In 2024, he launched the Center for AI-Driven Biomedical Research (AI4BIO) at CMU, which will be a catalyst for innovations at the intersection of AI and biomedicine across the School of Computer Science and campus.

==Selected Recent Publications==
- Zhang Y^{#}, Lu X^{#}, Kunisky AK^{‡}, Alam S^{‡}, Tang J^{‡}, Zhang R^{‡}, Wang S, Zhang H, Baroudi J, Ichcho W, Jia D, Ghorbanikalateh S, Ghorbanikalateh S, Wang S, Bennett DA, Mathys H*, Duan Z*, and Ma J*. Single-cell multiomics connects 3D genome and transcriptome alterations in Alzheimer's disease. Science, 393(6809):eadz1652, 2026.

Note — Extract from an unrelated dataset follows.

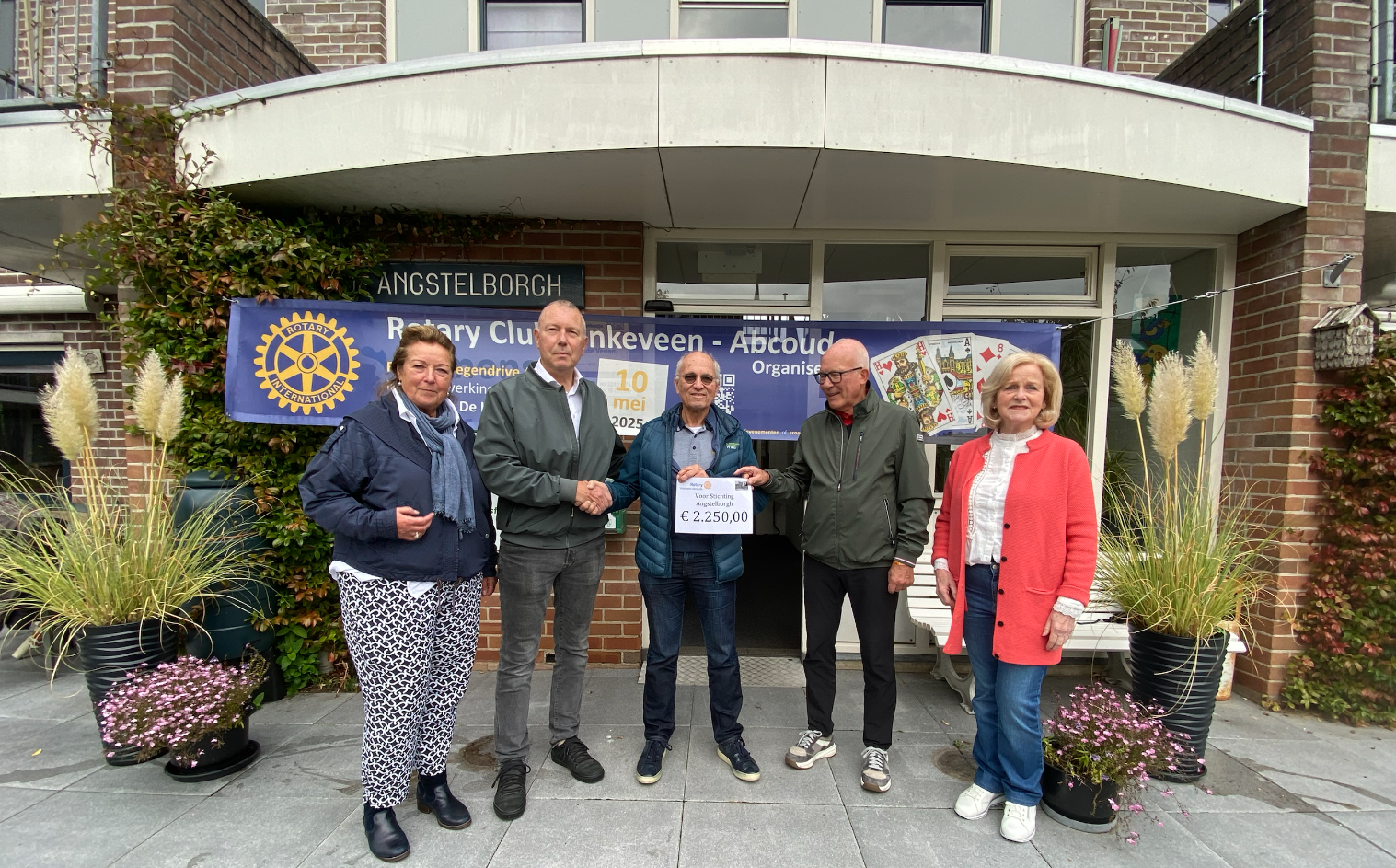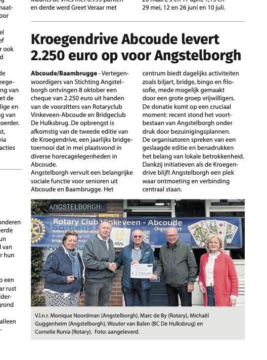 Woensdag 8 oktober jl. werd een cheque overhandigd aan vertegenwoordigers van de Stichting Angstelborgh door de voorzitters van Rotaryclub Vinkeveen-Abcoude en Bridgeclub “De Hulksbrug”. Angstelborgh, dat recent dreigde te worden wegbezuinigd, is hèt centrum waar senioren uit Abcoude en Baambrugge elkaar ontmoeten. Dagelijks worden daar leuke activiteiten georganiseerd, zoals bijvoorbeeld biljart, bridge, bingo, filosofieclub. Dit alles is mogelijk door de inzet van veel enthousiaste vrijwilligers.

- Chen V^{#}, Yang M^{#}, Cui W, Kim JS, Talwalkar A*, and Ma J*. Applying interpretable machine learning in computational biology - pitfalls, recommendations and opportunities for new developments. Nature Methods, 21(8):1454-1461, 2024.
- Xiong K^{#}, Zhang R^{#}, and Ma J. scGHOST: Identifying single-cell 3D genome subcompartments. Nature Methods, 21(5):814-822, 2024.
- Zhou T, Zhang R, Jia D, Doty RT, Munday AD, Gao D, Xin L, Abkowitz JL, Duan Z*, and Ma J*. GAGE-seq concurrently profiles multiscale 3D genome organization and gene expression in single cells. Nature Genetics, 56(8):1701-1711, 2024.
- Zhang Y, Boninsegna L, Yang M, Misteli T, Alber F, and Ma J. Computational methods for analysing multiscale 3D genome organization. Nature Reviews Genetics, 5(2):123-141, 2024.
- Chidester B^{#}, Zhou T^{#}, Alam S, and Ma J. SPICEMIX enables integrative single-cell spatial modeling of cell identity. Nature Genetics, 55(1):78-88, 2023.
- Zhang R^{#}, Zhou T^{#}, and Ma J. Ultrafast and interpretable single-cell 3D genome analysis with Fast-Higashi. Cell Systems, 13(10):P798-807.E6, 2022.
- Zhu X^{#}, Zhang Y^{#}, Wang Y, Tian D, Belmont AS, Swedlow JR, and Ma J. Nucleome Browser: An integrative and multimodal data navigation platform for 4D Nucleome. Nature Methods, 19(8):911-913, 2022.
- Zhang R, Zhou T, and Ma J. Multiscale and integrative single-cell Hi-C analysis with Higashi. Nature Biotechnology, 40:254–261, 2022.